SCHOTT tested two different siliconization technologies on SCHOTT TOPPAC® syringes: cross-linked siliconization, which is standard for SCHOTT TOPPAC®, and sprayed-on siliconization technology. Five syringes using each technology were filled with WFI and stored / frozen at different temperatures beforethe extract was pooled and analysed via Graphite Furnace Atomic Absorption for free silicone oil.

At -5 °C and -20 °C, sprayed-on silicone resulted in many times more extractable silicone than cross-linked siliconization: five time greater and 24 times greater respectively. This demonstrated that freeze / thaw cycles have a significant effect on sprayed-on silicone oil syringes.

Siliconization technology has an even bigger impact on sub-visual particles (>10 µm) at freezing temperatures, with lower temperatures seeming to increase the particle load.

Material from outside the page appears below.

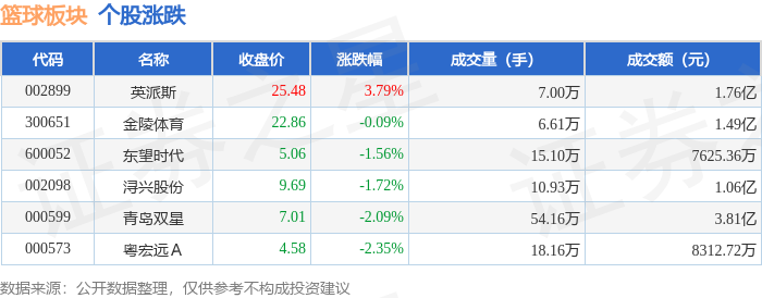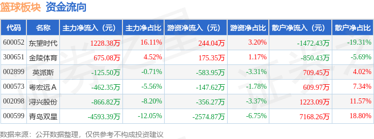 从资金流向上来看,当日篮球板块主力资金净流出4144.59万元,游资资金净流出3243.32万元,散户资金净流入7387.91万元。篮球板块个股资金流向见下表:

Similarly, the siliconization technology also has a significant impact on particle count, with the immobilised silicone layer from cross-linked siliconization providing the lowest particle level. Silicone-free syringes in the same conditions showed no particles, so there is a high probability that all sub-visual particles observed originated from siliconization.

 

Shrinkage, stability, and optical properties

Container / closure integrity may also be affected by extremely low temperatures such as -80 °C due to a loss of elasticity in the rubber components and the varying shrinkage rates of different materials. For example, it is not uncommon to see that the syringe barrel shrinks a lot less than the plunger, which could result in minimal overlap and a breach in the barrier against biologic ingress.

Testing was carried out on SCHOTT TOPPAC® 1 ml / 1 g syringes with standard halobutyl rubber components for tip cap and plunger, and compared with a range of control samples. The results showed that even at -80 °C there was no CO2 ingress after 24 hours.

Mechanical stability and optical properties were also unaffected by storage at very low temperatures, with no rise in breakage or stress cracking, and no hazing or additional visual defects.

 

The ideal solution

SCHOTT continues to investigate product and process variables to help mRNA manufacturers in the search for the ideal primary packaging. This includes potential drug-container interactions resulting from extractables and leachables coming from the container, and the effects of the container and storage conditions on the stability of the lipid nanoparticles used as the carrier. The company is also building a similar data package for glass syringes.

In the meantime, this extensive data package shows that SCHOTT TOPPAC® syringes are highly suitablefor mRNA vaccines.